Ondanks dat er in de grafiek geen rekening is gehouden met dividend (wat een marginale verandering zou zijn), kunnen we er opvallende conclusies uit trekken. Zijn aandelen meer waard geworden? Of zijn aandelen én goud tegelijkertijd en in dezelfde mate meer waard geworden? Of is er iets anders aan de hand? Namelijk dat de waarde van het geld is gedaald en dat je vandaag de dag twee keer zoveel dollars nodig hebt om dezelfde hoeveelheid aandelen of goud te kopen als zes jaar geleden?
Wij denken het laatste, vooral omdat er ook veel andere zaken snel zijn gestegen in ‘waarde’. Denk aan huizen, energieprijzen, boodschappen, etc.
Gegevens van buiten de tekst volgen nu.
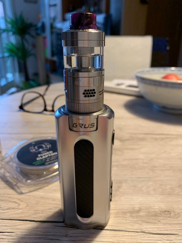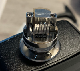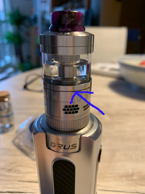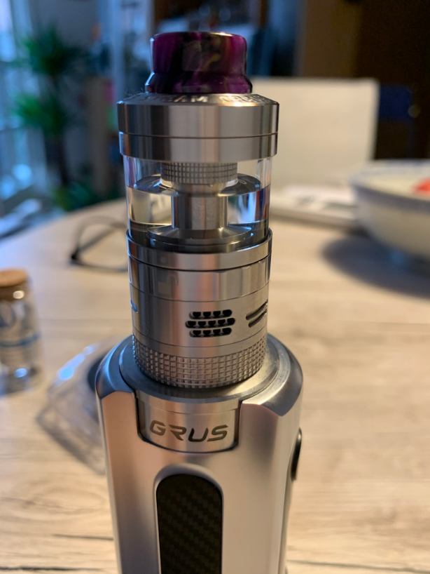 Aber, es gibt ein Aber! Geschmacklich und von der Dampfentwicklung bei 40 Watt hat mich das so gar nicht überzeugt. Was war los? Schraube ich den mal auf den LostVape Grus und teste dachte ich, nur mal so... Tja, und was soll ich sagen, plötzlich hatte ich ein ganz anderes Dampferlebnis und auch die Wolke war entsprechend mehr. Nicht das ich jetzt unbedingt auf fette Wolken wert lege, Geschmack hat für mich Vorrang und der war um Längen besser als bei der Legend 2. Wie kann das sein? Mir im Moment ein Rätsel. Gut, soweit zufrieden. Allerdings ist da noch Luft nach oben was den Geschmack angeht. Richtige Positionierung der Coil ist wahrscheinlich ein Hauptfaktor für guten Geschmack bei diesem Verdampfer. Zu weit unten besserer Geschmack, weiter oben, mehr Flash? Auch die richtige Watteverlegung will gemeistert sein. Bei dem Dry-Hit beim ersten Test, hatte ich wahrscheinlich zu viel Watte genommen. Wie viel Watte ist richtig, die richtige Länge, die Enden ausdünnen wenig bis gar nix, wie viel darf unten raus schauen? Usw. usw. Im Moment ist es so, das beim ziehen schon ein ständiges Knistern auftritt. Die richtige Watteverlegung ist denke ich noch nicht Optimal. Vorerst werde ich beim Singlecoildeck bleiben, bis ich da das richtige Setup gefunden habe, bevor ich mich an die beiden anderen Decks wage, wenn überhaupt. Die Lernkurve bei diesem Verdampfer ist hoch, aber keinesfalls frustrierend. Was mich etwas stört sind die Schrauben zur Befestigung der Coils. Hier werde ich Schlitzschrauben bevorzugen. Aber das sind Dinge, die sich ja leicht ändern lassen. Die Airflow Einstellungen sind ja gerade zu mehr als ausreichend und begeistern mich. Hier hätte ich mir auch eine Rändelung gewünscht, aber allzu oft verstellt man die ja auch nicht, das ist halt individuell zu sehen. Die Wärmeentwicklung nach etwa 10maligem ziehen bei etwa 3-4 Sekunden pro Zug ist noch vertretbar. Ich denke aber das dies mit dem 8ml Tank noch etwas angenehmer wird. Ist schon bestellt, aber noch nicht geliefert. Warte Sehnsüchtig drauf.
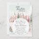 Um chá de fraldas encantador com uma hortelã e uma aquarela cor-de-rosa Fairytale Cena de inverno com casas confortáveis, árvores de Natal e neve à espera de um pequeno floco de neve! Você pode personalizar este convite com seus próprios detalhes.

Een ander voorbeeld wat je vaak hoort, is dat je voor een gram goud in de tachtiger jaren evenveel olie kon kopen als tegenwoordig. We hebben de grafiek er even bij gepakt en op zich klopt dat.
Sterker nog, olie is tegenwoordig met 1,5 gram (per vat) goedkoper dan begin jaren vijftig. Al blijft de waarde op zich redelijk stabiel. Maar als we de prijs in Amerikaanse dollars gebruiken, dan krijgen we een heel ander beeld. Gedurende een groot deel van de jaren vijftig lag de prijs voor olie die vanuit het Midden-Oosten werd verscheept namelijk tussen de 1,75 en 2,20 dollar per vat. Tegenwoordig kost dit zo’n 80 dollar. Dat is grofweg 40 keer duurder!
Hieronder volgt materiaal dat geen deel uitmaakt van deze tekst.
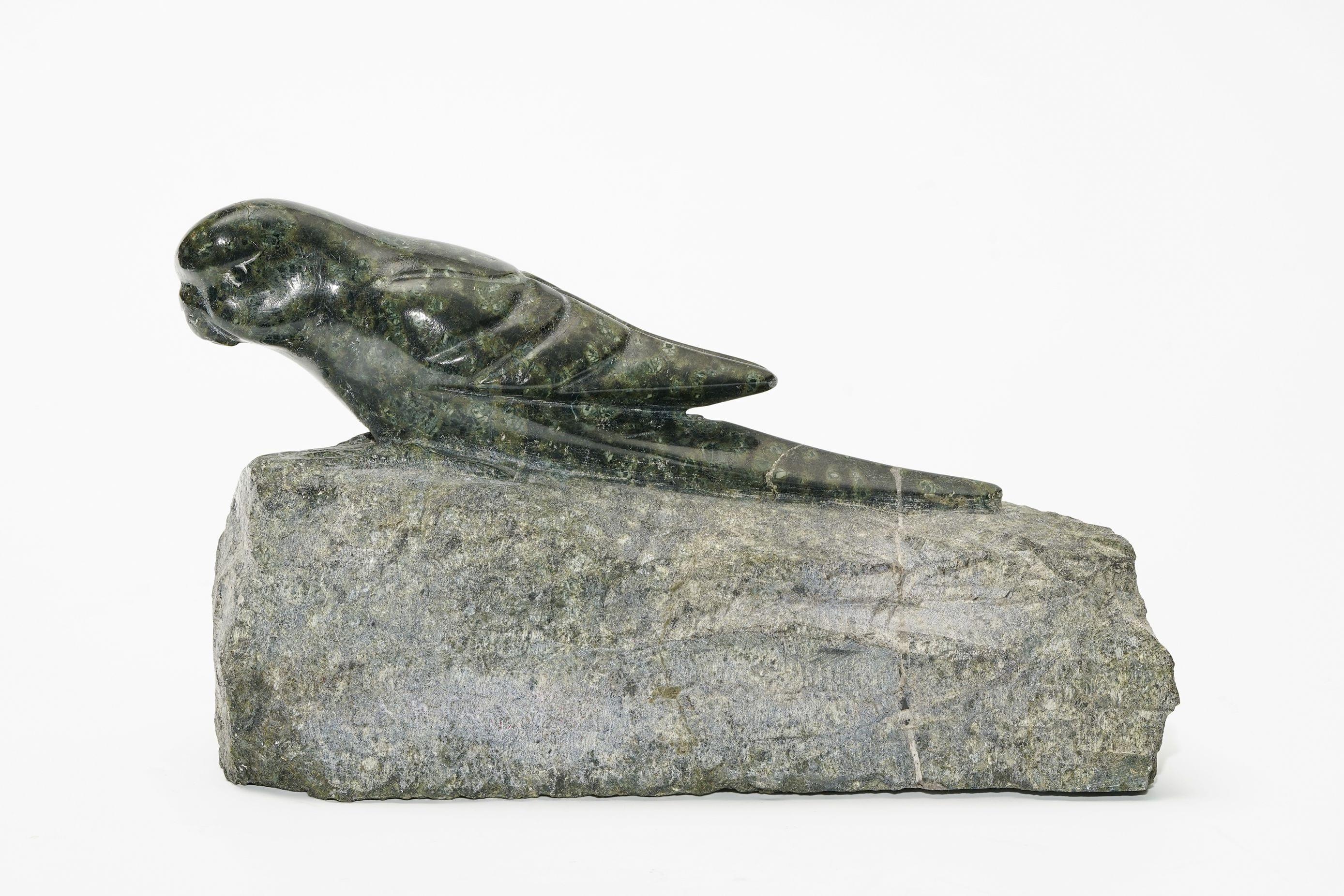 Perruche, taille directe sur marbre, signature apocryphe, L 23 cm

Overigens gaan er natuurlijk al langere tijd ‘geruchten’ dat China en Rusland (of de BRICS) bezig zijn met een nieuwe valuta, die gedekt is door goud. Daarnaast is er de afgelopen paar weken veel gedoe over mogelijke veranderingen in het petrodollarsysteem. Deze veranderingen zouden zelfs volgende week al kunnen plaatsvinden, rond de 50e verjaardag van de Amerikaans-Saoedische deal. Het lijkt dan wel erg toevallig dat de goud-olieverhouding afgelopen week is gedaald naar 1 gram goud voor 1 vat olie. Stel dat goud opnieuw wordt geïntroduceerd als prijsmechanisme voor olie (in tegenstelling tot de Amerikaanse dollar), dan is dit potentieel een belangrijke mijlpaal.